- **ACTIVITY**
Restate exactly the lines that run from the start of the records below to the line containing "316L Çelik Gold", counting both ends, and nothing else; pictures stay out.

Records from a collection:
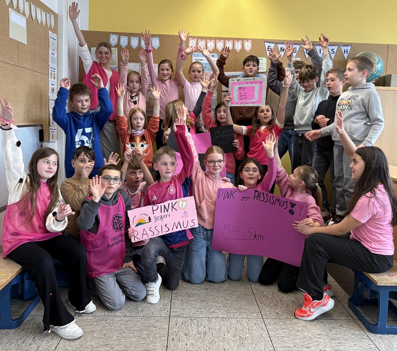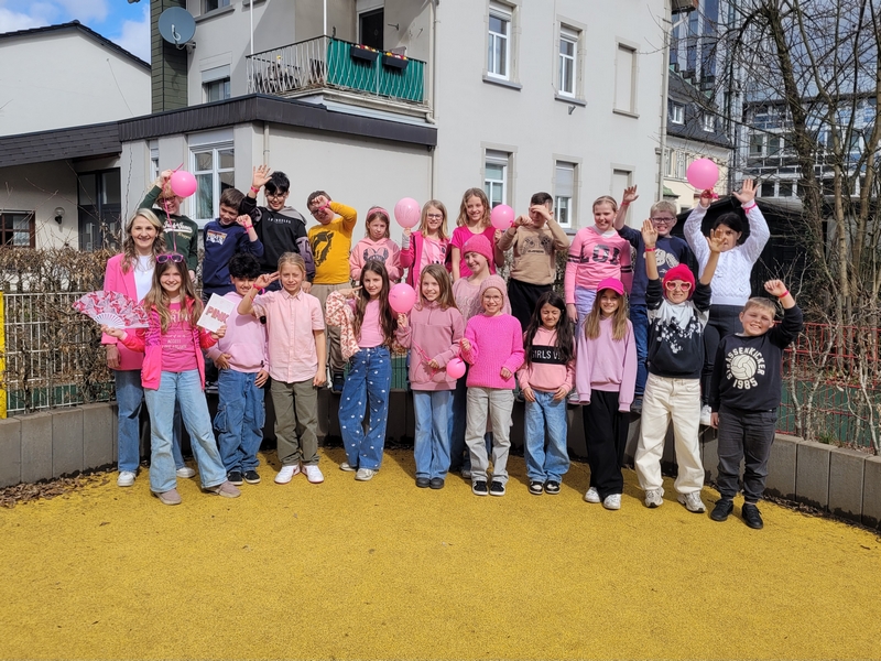 Im Zeitraum vom 16.03 – 27.03.2026 fand die jährliche Aktion „Pink gegen Rassismus“ statt. Die gesamte Sonnenschule nahm daran teil und setzte so ein sichtbares Zeichen für Offenheit und Toleranz. Im Sportunterricht, bei Wanderungen und auch im privaten Bereich sammelten alle Kilometer – so pink gekleidet wie möglich!
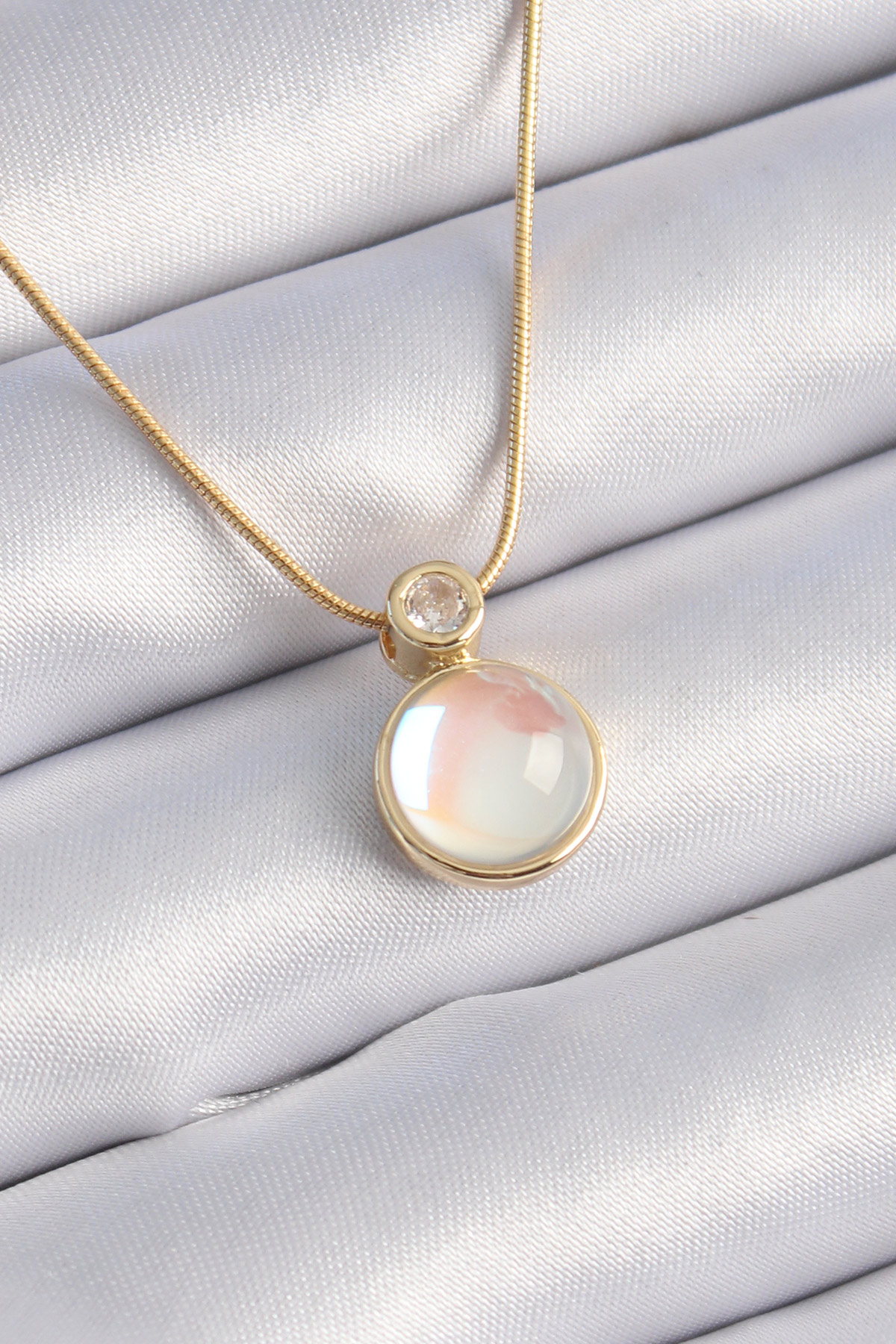 316L Çelik Gold Renk Beyaz Sedefli Vintage Kadın Kolye
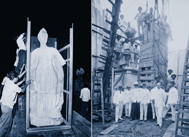 SB: Photography plays an important role in many stories, but a lot of stories about Suriname are unknown. So it was a search for stories and protest hidden in different archives. Not all photographs are stored in a way that you can see a history of emancipation through those images, you need to connect the dots. For example in the history of the photographs of the statue of Queen Wilhelmina, the Dutch queen. The statue originally stood in the center square of Paramaribo. You can find pictures of 1922, where the artist poses next to his creation in his studio. Then images with people transporting, adoring or displacing it; all in the context of a colonial history. The different connections with the statue become visible. Like when in 1923 workers sit on top of the transportation crate, while below them the white men in white uniforms are posing in front of it. This shows colonial relations of power. And you see Surinamese people taking down the statue just before independence day in 1975. The pictures are all very consciously staged and raise question like: Who is important and what is the relation to the statue? Who is allowed to be in the picture? And where are they positioned in relation to the statue? From these images you can derive and determine the power relations regarding the statue and thereby the Dutch colony. I visited different archives to find these photographs and to see the (changing) colonial relationships. So in a way it is often documented but not with the intention of showing protest, so it also about decolonizing the context of the photographic image and showing how the gaze through the camera is a colonial one.
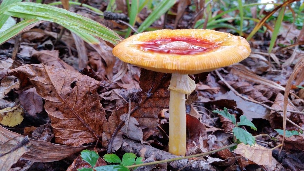 노란젖버섯은 말 그대로 갓을 상처내면 그 부위에서 젖이 뚝뚝 떨어지고 색이 밝은 노랑이에요
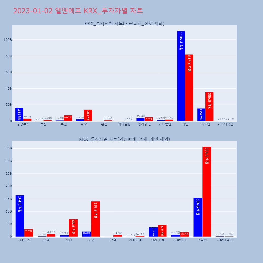 외국인 | 131,856 | 118,783 | -13,073 | 2,340,020,400 | 2,097,151,950 | -242,868,450 |
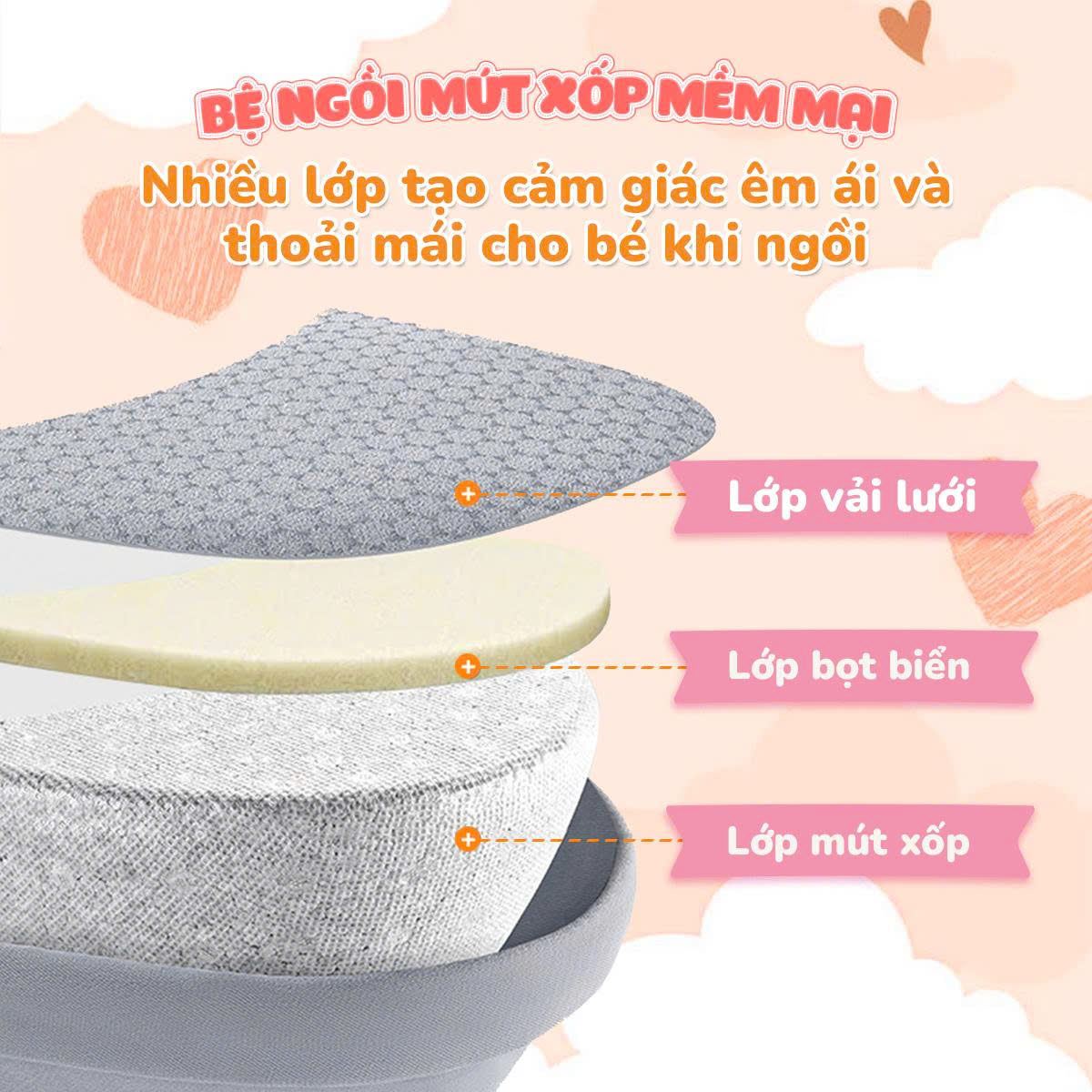 - Được sử dụng chất vải lưới 3D cao cấp bao quanh bé, đảm bảo lưu thông không khí thoáng mát và bề mặt êm mịn cho da bé trong suốt thời gian sử dụng
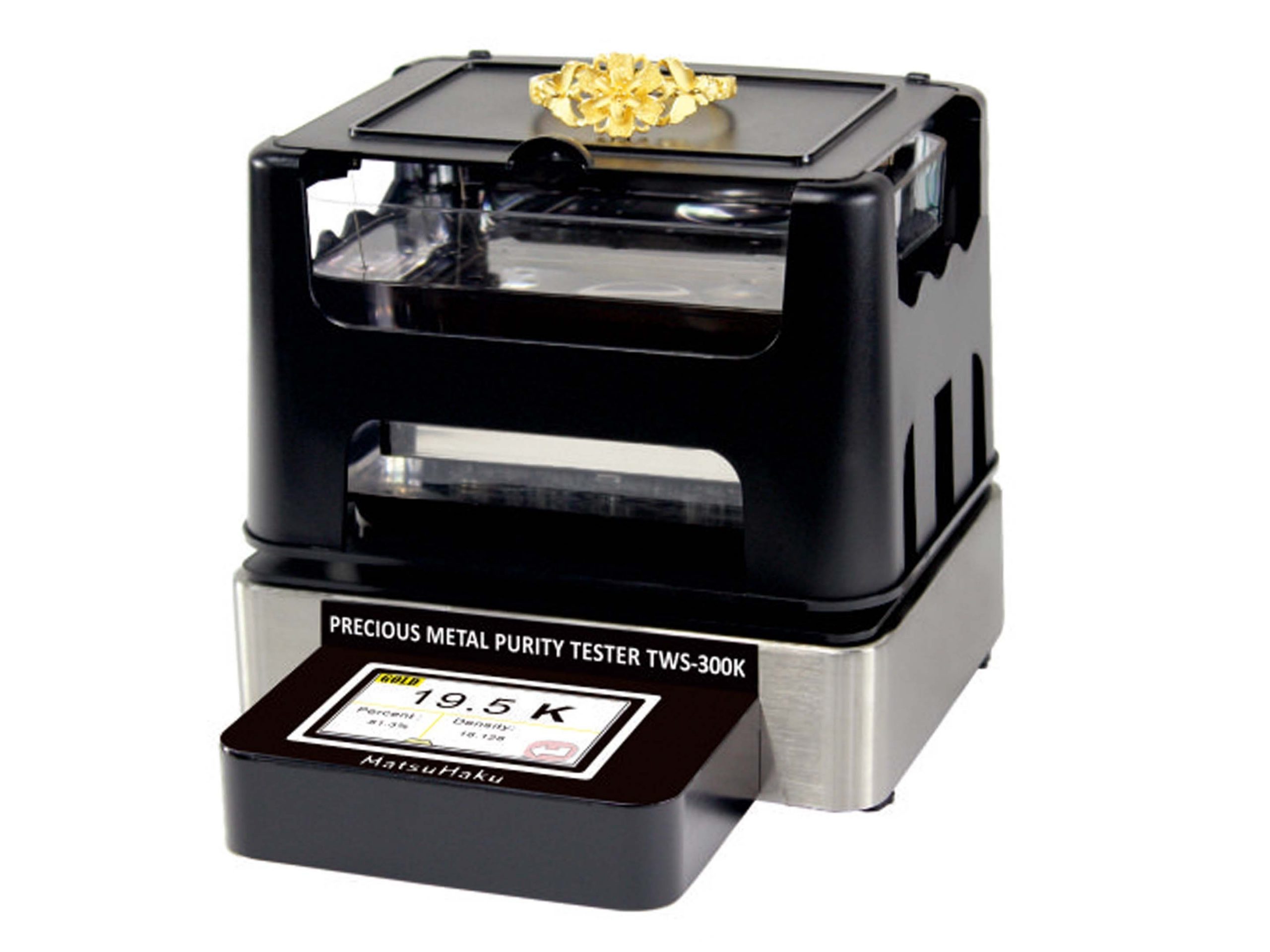 Balanza densímetro para el test de metales preciosos con la que podemos comprobar el quilataje y el % de pureza. No deja manchas ni arañazos en las piezas de oro a comprobar, tampoco requiere el uso de ácidos.
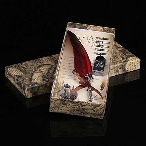 Quill Feather Pet Set di penne piuma vintage intaglio Penna ad immersione con penna d'oca in piuma Penna per scrittura calligrafia per gli studenti ufficiali con 5 pennini(Rosso)
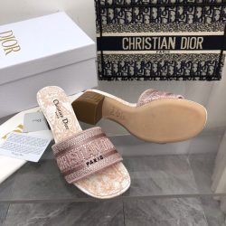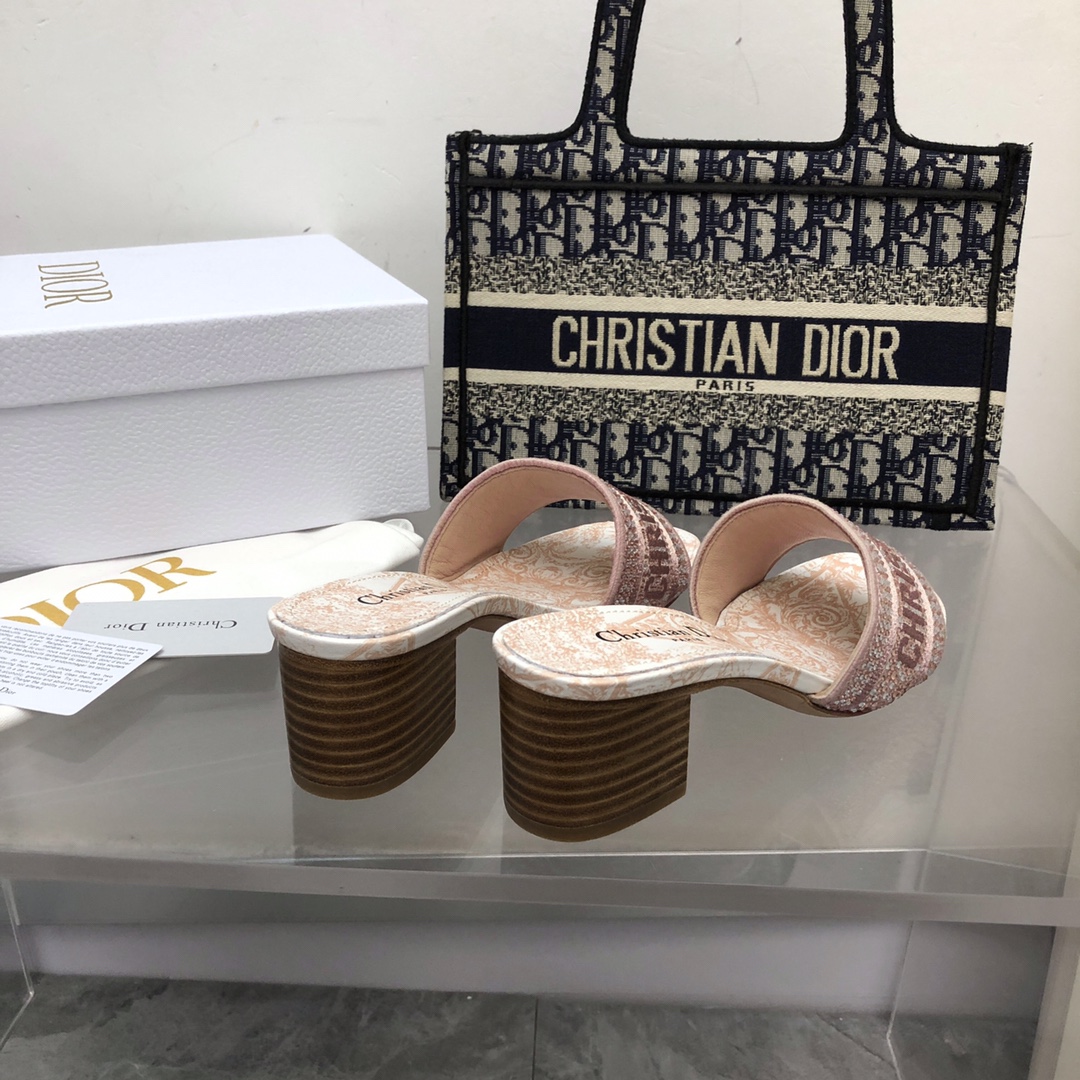 Dior Dway Heeled Slide Embroided Cotton Pink
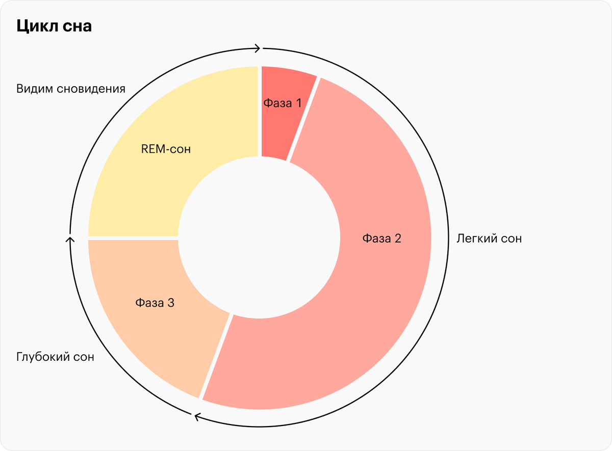 Главное — вовремя проснуться, а не просто "доспать часы". Сон делится на циклы продолжительностью 90 минут, каждый из которых включает: Один полноценный цикл длится около 90 минут. За ночь мы проходим 4–6 таких циклов.

- **SOLUTION TO THIS TASK**
 Im Zeitraum vom 16.03 – 27.03.2026 fand die jährliche Aktion „Pink gegen Rassismus“ statt. Die gesamte Sonnenschule nahm daran teil und setzte so ein sichtbares Zeichen für Offenheit und Toleranz. Im Sportunterricht, bei Wanderungen und auch im privaten Bereich sammelten alle Kilometer – so pink gekleidet wie möglich!
 316L Çelik Gold Renk Beyaz Sedefli Vintage Kadın Kolye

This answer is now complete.